It was a somber scene and you lay it out in detailed descriptions. I didn't find much connection with the characters as the scene unfolded. There were hints of Andreas' personality with the thoughts of his mate and reaction to the human girl. The strength of Calliope is evident in her silence during the birth, but otherwise I don't get a feel for her character.

Suggested Changes

There are areas where sentence structure changes could improve the flow of the story. I point out a few below, but encourage you to read through and look for additional areas where these principles could be applied.

*Bullet*Nestled almost out of sight, deep in the narrow valley of Pleistos, beneath the Phaedriades[add comma] high on the lower slopes of Parnassos[add comma] rests a Tholos temple.

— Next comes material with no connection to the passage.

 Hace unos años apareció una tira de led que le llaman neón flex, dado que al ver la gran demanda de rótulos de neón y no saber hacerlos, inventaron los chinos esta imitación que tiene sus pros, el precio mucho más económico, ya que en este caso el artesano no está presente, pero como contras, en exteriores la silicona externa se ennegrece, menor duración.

*Bullet*A ring of stones sits atop the columns leaving the temple open to the heavens above, nine figures cloaked in darkness, followed by one dressed in white [add comma] move through the night [add comma] their steps bathed by the light of the moon. Break this into smaller sentences by adding a period after "heavens above"

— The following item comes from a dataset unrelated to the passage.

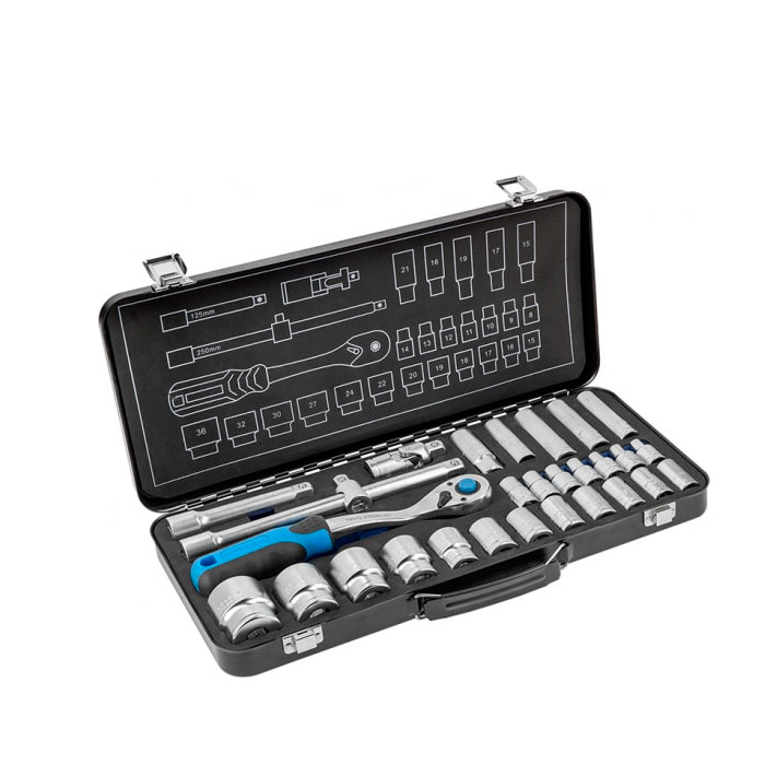 Набор головок и принадлежностей Hoegert HT1R480 29 шт – подойдет для сборочных мастерских, автосервисов, а также для частного использования. Поставляется в прочном пластиковом кейсе с индивидуальными позициями. Биты выполнены из стали S2, которая обладает высокой прочностью и стойкостью к разломам и разрывам. Трещотка оснащена двухкомпонентной накладкой.

*Bullet* Moonlight bathing her in an ethereal glow and her Mate Andreas, a tall, dark-haired, blue-eyed Vampire whose sole attention was riveted by the woman who carried his child. This sentence is awkward. Perhaps breaking it up by ending after glow and focusing on Andreas in the next sentence would improve the flow.

Conclusion

This reads more like a scene from a story rather than a complete tale. What is written is very descriptive and I can picture the scene clearly. I think more character development is needed to understand the scene fully. You introduce a lot of characters, but the reader doesn't get to know how they fit into the tale. You have piqued my curiosity and I hope you work on this one more as it is very different and has potential.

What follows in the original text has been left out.